#### About this task
Each line of the data below should be restated exactly, with images left out.

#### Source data
+ + + +
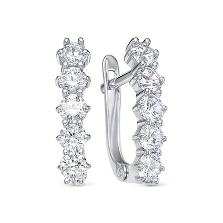 Серьги с фианитом родированные серебро 925*
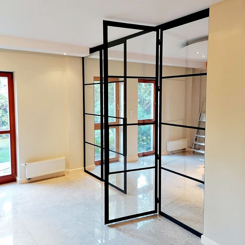 Drzwi loftowe z dwiema bocznymi ściankami to propozycja dla osób, które cenią elegancję i nowoczesny charakter aranżacji wnętrz. Konstrukcja wykonana w klasycznym czarnym macie wyróżnia się ponadczasową estetyką i doskonale komponuje się zarówno z minimalistycznymi, jak i industrialnymi przestrzeniami. Przezroczyste szkło bezpieczne zapewnia odpowiednią ilość światła, jednocześnie zachowując solidność i trwałość całej zabudowy. Zestaw z dwiema ściankami bocznymi optycznie powiększa wnętrze, wprowadzając poczucie przestronności i lekkości. To rozwiązanie idealne do salonów, gabinetów czy przestrzeni biurowych, gdzie liczy się nie tylko funkcjonalność, ale także wyjątkowy design.
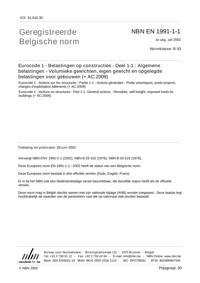 EN 1991-1-1 : Eurocode 1 - Actions on structures - Part 1-1: General actions - Densities, self-weight, imposed loads for buildings (+ AC:2009).
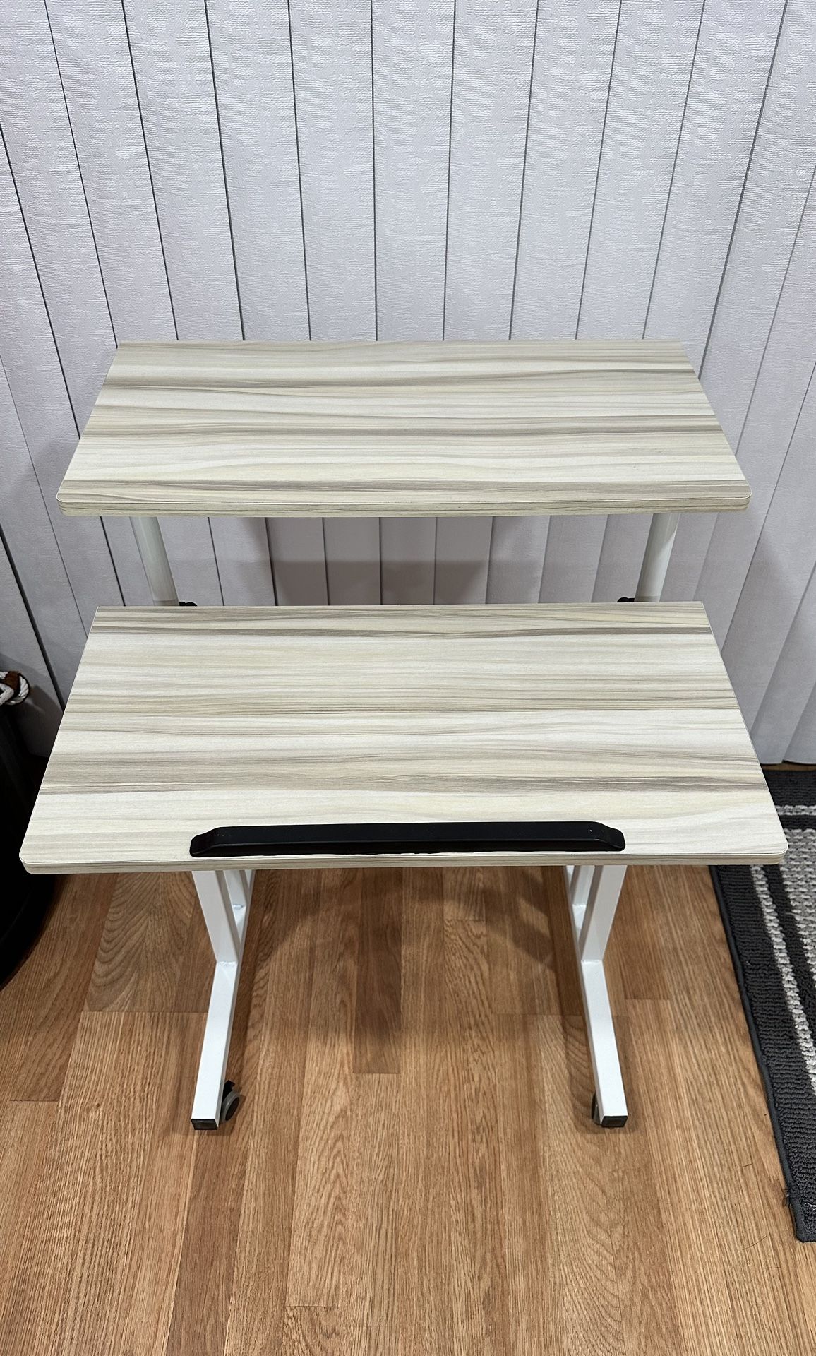 Desk is almost new used it for about a month, it was two small for my two screens so can’t use it. Got it at Amazon, I’m open to offers . You are able to raise it for standing use
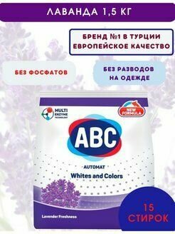 Стиральный порошок универсальный ABC Лаванда 1,5кг.
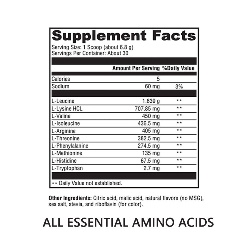 L-Leucina, L-Isoleucina, L-Valina, L-Lisina HCL, L-Arginina, L-Treonina, L-Fenilalanina, L-Metionina, L-Histidina, L-Triptofano
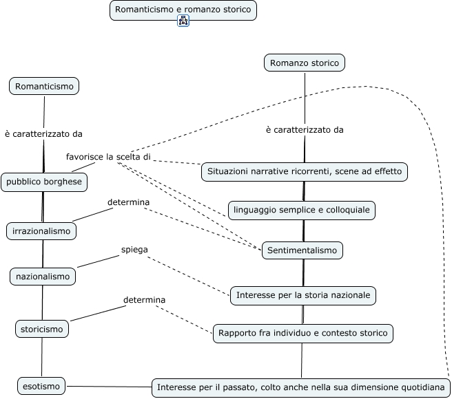 Questa Cmap, creata con IHMC CmapTools, contiene informazioni relative a: romanzo storico e romanticismo, Romanzo storico è caratterizzato da Interesse per la storia nazionale, Romanticismo è caratterizzato da storicismo, Romanzo storico è caratterizzato da Situazioni narrative ricorrenti, scene ad effetto, nazionalismo spiega Interesse per la storia nazionale, Romanzo storico è caratterizzato da Interesse per il passato, colto anche nella sua dimensione quotidiana, Romanzo storico è caratterizzato da Rapporto fra individuo e contesto storico, Romanticismo è caratterizzato da esotismo, Romanticismo è caratterizzato da irrazionalismo, Romanzo storico è caratterizzato da linguaggio semplice e colloquiale, irrazionalismo determina Sentimentalismo, Romanticismo è caratterizzato da nazionalismo, esotismo ???? Interesse per il passato, colto anche nella sua dimensione quotidiana, Situazioni narrative ricorrenti, scene ad effetto favorisce la scelta di pubblico borghese, Situazioni narrative ricorrenti, scene ad effetto favorisce la scelta di Interesse per il passato, colto anche nella sua dimensione quotidiana, storicismo determina Rapporto fra individuo e contesto storico, Romanzo storico è caratterizzato da Sentimentalismo, Romanticismo è caratterizzato da pubblico borghese, Situazioni narrative ricorrenti, scene ad effetto favorisce la scelta di Sentimentalismo, Situazioni narrative ricorrenti, scene ad effetto favorisce la scelta di linguaggio semplice e colloquiale
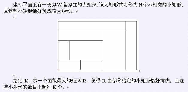 所有数据都是非负整数。第一行为 W、H (不超过10000),表示大矩形的长和宽。第二行为N、K(1 ≤ K ≤ N ≤ 2000)。接下来 N行,每行四个整数X1、Y1、X2、Y2,表示小矩形对角两顶点的坐标,满足 0 ≤ X1 < X2 ≤ W 0 ≤ Y1 < Y2 ≤ H
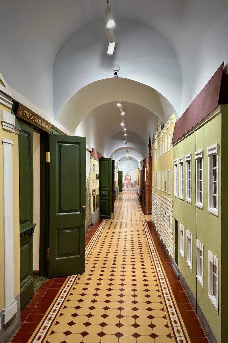 Очутиться в старорусской школе поможет тематический зал. Помещение обставлено длинными широкими лавками, шкафами со старинными книгами. Атмосферу поддерживают маленькие слюдяные окна и сводчатые потолки. Для школьников проводятся уроки письма, счёта, вводное занятие «Как учились в старину». Во время таких «мастер-классов» можно опробовать «писало» и даже постоять на горохе в углу.
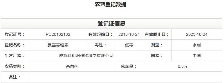 據(jù)了解,截止2018年12月,氨基寡糖素在中國農(nóng)藥信息網(wǎng)登記信息共計77條,有效成分含量從0.5%-5%不等,主要以殺菌劑為主。而目前國內(nèi)將氨基寡糖素定位在防治根結(jié)線蟲上的僅有兩家企業(yè),最早登記的是成都新朝陽作物科學(xué)有限公司。新朝陽0.5%氨基寡糖素水劑(茛互)是國內(nèi)第一個生物源根結(jié)線蟲防治合劑。
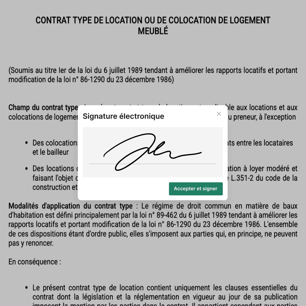 Manerty intègre un système de signature électronique légale et sécurisée. Vous et vos locataires pouvez signer directement depuis la plateforme, sans contrainte et en toute conformité avec la loi.
+ + + +
#### Solution for this exercise
 Серьги с фианитом родированные серебро 925*
 Drzwi loftowe z dwiema bocznymi ściankami to propozycja dla osób, które cenią elegancję i nowoczesny charakter aranżacji wnętrz. Konstrukcja wykonana w klasycznym czarnym macie wyróżnia się ponadczasową estetyką i doskonale komponuje się zarówno z minimalistycznymi, jak i industrialnymi przestrzeniami. Przezroczyste szkło bezpieczne zapewnia odpowiednią ilość światła, jednocześnie zachowując solidność i trwałość całej zabudowy. Zestaw z dwiema ściankami bocznymi optycznie powiększa wnętrze, wprowadzając poczucie przestronności i lekkości. To rozwiązanie idealne do salonów, gabinetów czy przestrzeni biurowych, gdzie liczy się nie tylko funkcjonalność, ale także wyjątkowy design.
 EN 1991-1-1 : Eurocode 1 - Actions on structures - Part 1-1: General actions - Densities, self-weight, imposed loads for buildings (+ AC:2009).
 Desk is almost new used it for about a month, it was two small for my two screens so can’t use it. Got it at Amazon, I’m open to offers . You are able to raise it for standing use
 Стиральный порошок универсальный ABC Лаванда 1,5кг.
 L-Leucina, L-Isoleucina, L-Valina, L-Lisina HCL, L-Arginina, L-Treonina, L-Fenilalanina, L-Metionina, L-Histidina, L-Triptofano
 Questa Cmap, creata con IHMC CmapTools, contiene informazioni relative a: romanzo storico e romanticismo, Romanzo storico è caratterizzato da Interesse per la storia nazionale, Romanticismo è caratterizzato da storicismo, Romanzo storico è caratterizzato da Situazioni narrative ricorrenti, scene ad effetto, nazionalismo spiega Interesse per la storia nazionale, Romanzo storico è caratterizzato da Interesse per il passato, colto anche nella sua dimensione quotidiana, Romanzo storico è caratterizzato da Rapporto fra individuo e contesto storico, Romanticismo è caratterizzato da esotismo, Romanticismo è caratterizzato da irrazionalismo, Romanzo storico è caratterizzato da linguaggio semplice e colloquiale, irrazionalismo determina Sentimentalismo, Romanticismo è caratterizzato da nazionalismo, esotismo ???? Interesse per il passato, colto anche nella sua dimensione quotidiana, Situazioni narrative ricorrenti, scene ad effetto favorisce la scelta di pubblico borghese, Situazioni narrative ricorrenti, scene ad effetto favorisce la scelta di Interesse per il passato, colto anche nella sua dimensione quotidiana, storicismo determina Rapporto fra individuo e contesto storico, Romanzo storico è caratterizzato da Sentimentalismo, Romanticismo è caratterizzato da pubblico borghese, Situazioni narrative ricorrenti, scene ad effetto favorisce la scelta di Sentimentalismo, Situazioni narrative ricorrenti, scene ad effetto favorisce la scelta di linguaggio semplice e colloquiale
 所有数据都是非负整数。第一行为 W、H (不超过10000),表示大矩形的长和宽。第二行为N、K(1 ≤ K ≤ N ≤ 2000)。接下来 N行,每行四个整数X1、Y1、X2、Y2,表示小矩形对角两顶点的坐标,满足 0 ≤ X1 < X2 ≤ W 0 ≤ Y1 < Y2 ≤ H
 Очутиться в старорусской школе поможет тематический зал. Помещение обставлено длинными широкими лавками, шкафами со старинными книгами. Атмосферу поддерживают маленькие слюдяные окна и сводчатые потолки. Для школьников проводятся уроки письма, счёта, вводное занятие «Как учились в старину». Во время таких «мастер-классов» можно опробовать «писало» и даже постоять на горохе в углу.
 據(jù)了解,截止2018年12月,氨基寡糖素在中國農(nóng)藥信息網(wǎng)登記信息共計77條,有效成分含量從0.5%-5%不等,主要以殺菌劑為主。而目前國內(nèi)將氨基寡糖素定位在防治根結(jié)線蟲上的僅有兩家企業(yè),最早登記的是成都新朝陽作物科學(xué)有限公司。新朝陽0.5%氨基寡糖素水劑(茛互)是國內(nèi)第一個生物源根結(jié)線蟲防治合劑。
 Manerty intègre un système de signature électronique légale et sécurisée. Vous et vos locataires pouvez signer directement depuis la plateforme, sans contrainte et en toute conformité avec la loi.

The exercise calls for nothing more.